*** Data supplied Section Begins ***
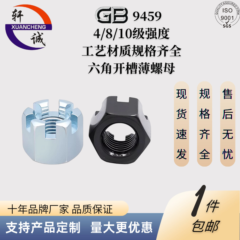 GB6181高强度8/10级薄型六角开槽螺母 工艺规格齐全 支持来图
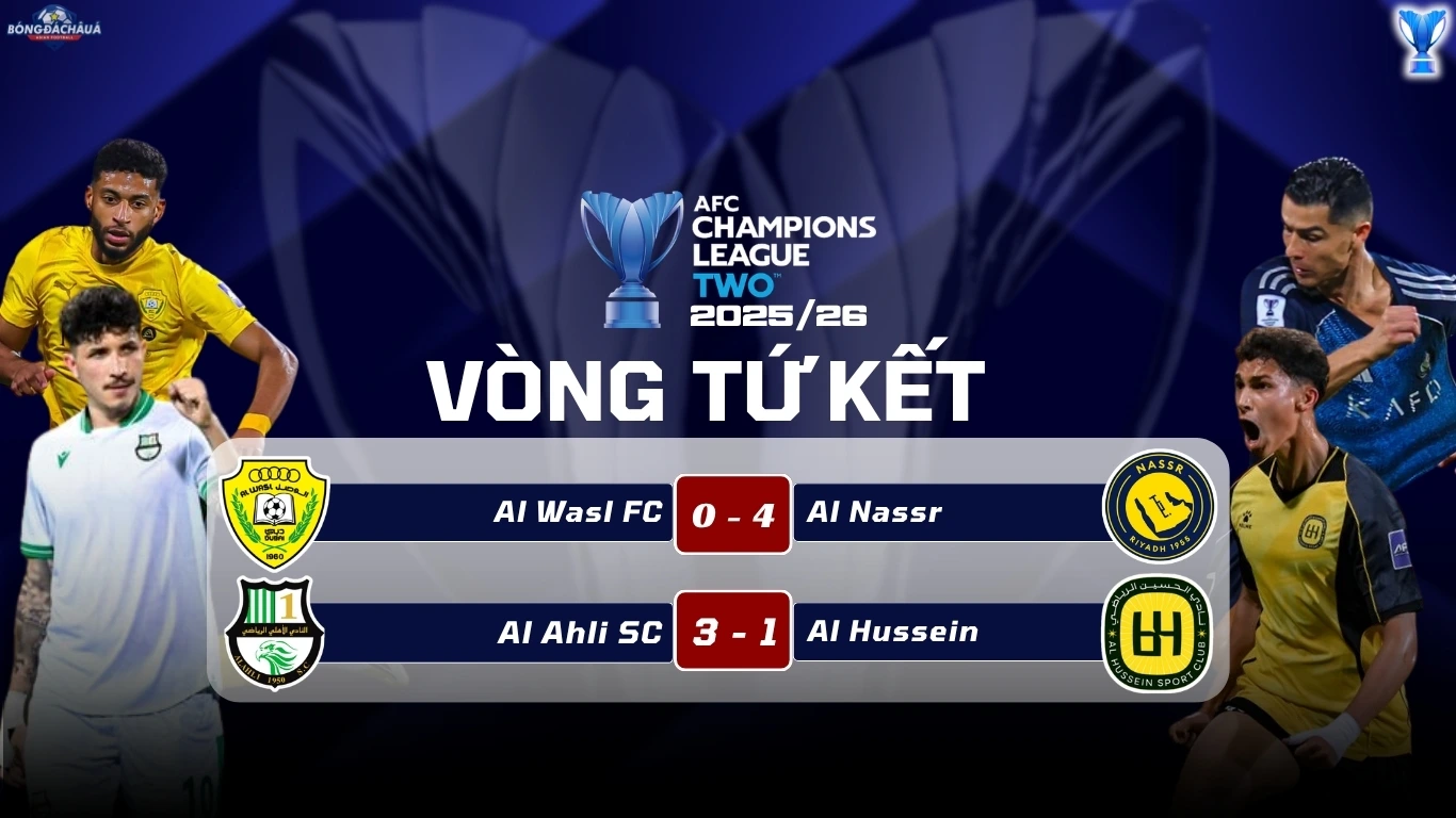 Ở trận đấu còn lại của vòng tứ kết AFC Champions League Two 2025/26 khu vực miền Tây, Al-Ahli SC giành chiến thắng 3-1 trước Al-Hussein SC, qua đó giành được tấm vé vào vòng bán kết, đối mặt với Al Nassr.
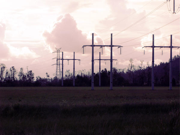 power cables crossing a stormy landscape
*** Data supplied Section Ends ***
*** Data supplied Section Begins ***
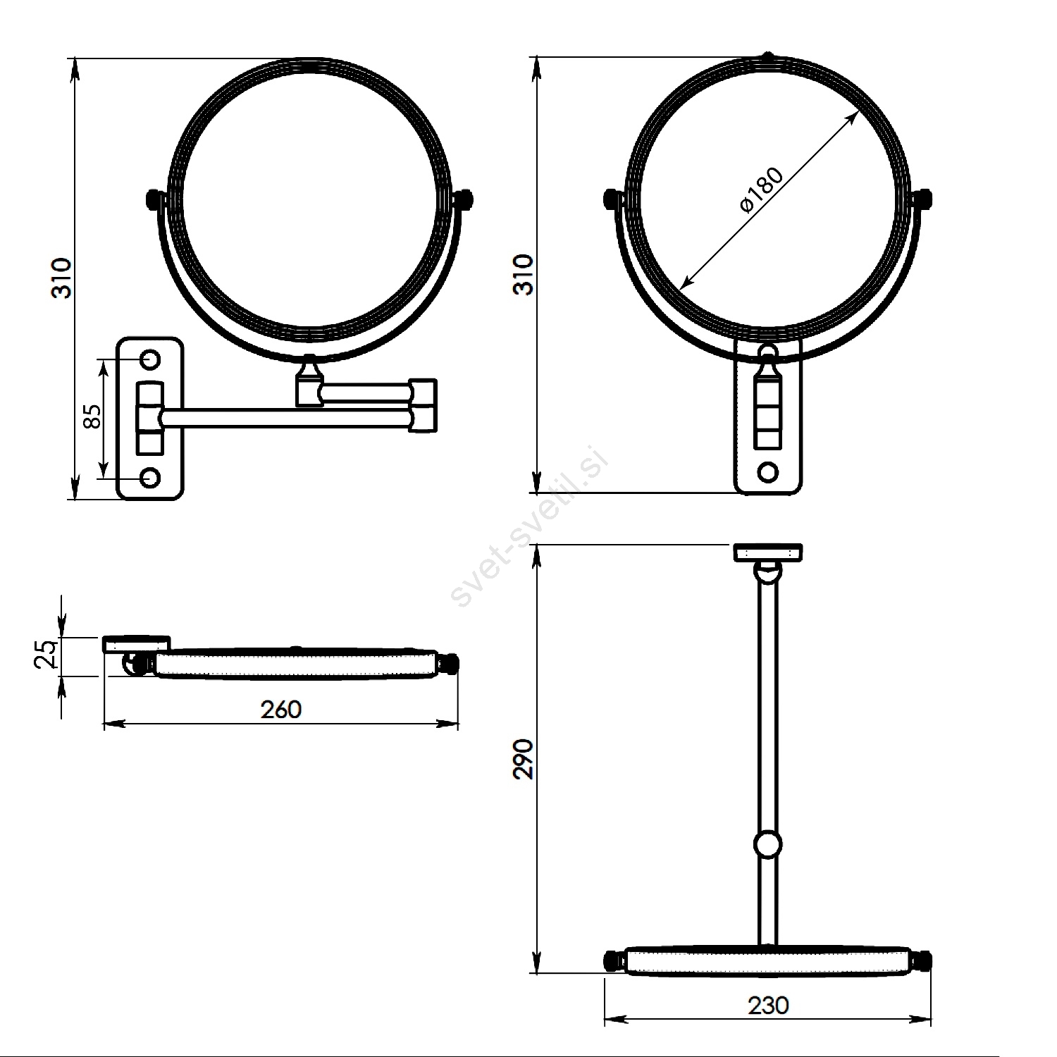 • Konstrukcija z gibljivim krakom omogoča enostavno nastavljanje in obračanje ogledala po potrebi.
*** Data supplied Section Ends ***
[What needs to be done]
Please set down, exactly and with no pictures, the lines in the entries above starting at the one holding "Ở trận đấu còn" and ending at the one holding "power cables crossing a stormy landscape", ends included.

[Problem solution]
 Ở trận đấu còn lại của vòng tứ kết AFC Champions League Two 2025/26 khu vực miền Tây, Al-Ahli SC giành chiến thắng 3-1 trước Al-Hussein SC, qua đó giành được tấm vé vào vòng bán kết, đối mặt với Al Nassr.
 power cables crossing a stormy landscape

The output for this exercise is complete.